What is a Tarball? How do I extract it?


Author: W. Wade, Hampton
Email: whampton@staffnet.com

System Architecture: All/General
RedHat Release: All/General
FAQ Category: Common Problems with Linux/Unix Commands
Modification Date: Dec 22, 1998

Question:

RedHat and Caldera use RPM, but I have seen files named .tgz or .tar.gz on
the net (tarballs).  How do I use them?  What are they?

Answer:

A tarball is a (usually) compressed file that contains one
or more other files and was created using the UNIX/GNU 
tar program and (optionally) a compression program like gzip. 

Tar with compression is similar to the use of PKZIP (WinZip,
or ZIP or similar).  TAR is Tape ARchive and is designed to
group one or more files in an archive to a file or media.  Files are
archived with owner, permissions, path, etc.  For more info,
RTFM man page on tar.  Also note, CPIO (used internally by RPM)
is another archive format widely used (not addressed herein).

Unlike RPM, tar files do not contain any pre-install or post-install
scripts, dependency information, nor any other information like 
description, etc. (for example, use rpm --querytags to see a list
of what RPM can provide).

Linux/UNIX use several compression formats:
   GZIP      -- GNU ZIP (a fast compression similar to PKZIP)
   ZIP         -- PKZIP compatible compression (long file names)
   BZ/BZ2  -- BZIP and BZIP2 -- new, slower but generate smaller files
   Z             -- UNIZ compress (not as good nor as fast as GZIP)
   LZ           -- LZ compression (not widely used)

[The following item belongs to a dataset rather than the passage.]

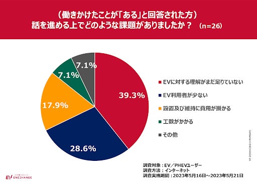 また、今までEV充電設備を導入するために働きかけたことが「ある」と回答したEVユーザーの内約4割が、集合住宅へのEV充電器設置に向けた課題として「EVに対する理解が足りていない」ことを挙げました。実際に働きかけた結果、「管理会社からの承認が得られなかった」、「門前払いだった」、「EV所有者が少なく理解が得られなかった」という理由で、基礎充電の設備が整わないという現状があるようです。特に集合住宅においては、補助金などの金銭面の支援に加え、「EVやEV充電設備とはどういったものなのか」理解を広めていくことが必要であると分かります。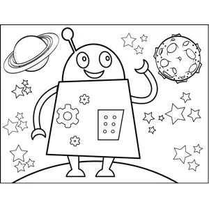 Waving Robot Printable Coloring Page, free to download and print. A happy robot covered in gears and cogs smiles and waves in this printable space coloring page for young artists.

Standard suffixes (usually mapped to mime types):
   .gz   -- file is compressed with GZIP (gzip or gzip.exe)
   .tgz  -- tar file compressed with GZIP
   .Z     -- file if compressed with older UNIX compress
   .bz    -- file is compressed with bzip (new, replaced by bz2)
   .bz2  -- file is compressed with bzip2 (new, better than gzip/pkzip)
   .zip   -- file is compressed with zip (pkzip or compat., zip)
                  typically ZIP is not used with tar, but an archive 
                  may contain a tar file 
   .tar.gz or .tar.Z or .tar.bz or .tar.bz2  -- file is a tar file 
                  with compression (see suffixes above, e.g., gz)

File extraction:
   file.tar              -- tar file w/o compression
      tar tvf file.tar   -- test the file [ALWAYS DO FIRST]
      tar xvf file.tar   -- extract the file

   file.tar.gz or .tgz or .Z:
      tar tvzf file.tgz  -- test
      tar xvzf file.tgz  -- extract
      gunzip -cd file.tgz | tar xvf -    -- use with older 
                                            non-zip aware TAR
                                            (e.g., Solaris)
   file.bz:
      bzip -cd file.bz | tar xvf -

   file.bz2
      bzip2 -cd file.bz | tar xvf -

File creation:
   tar cvzf file.tgz [list of files to compress]
   tar cvf - [file list] | gzip >file.tgz
   tar cvf - [file list] |  bzip2 >file.tar.bz2

Use of TAR to copy a directory tree (with permissions, recursive, etc.):

[This should be a program like dircopy or xcopy]
   cd source_directory
   tar cvf - * |  ( cd dest_dir ; tar xvf - )


References:

man tar, man gzip, man gunzip, man cpio, man bzip, man bzip2, 
man zip, man unzip, man rpm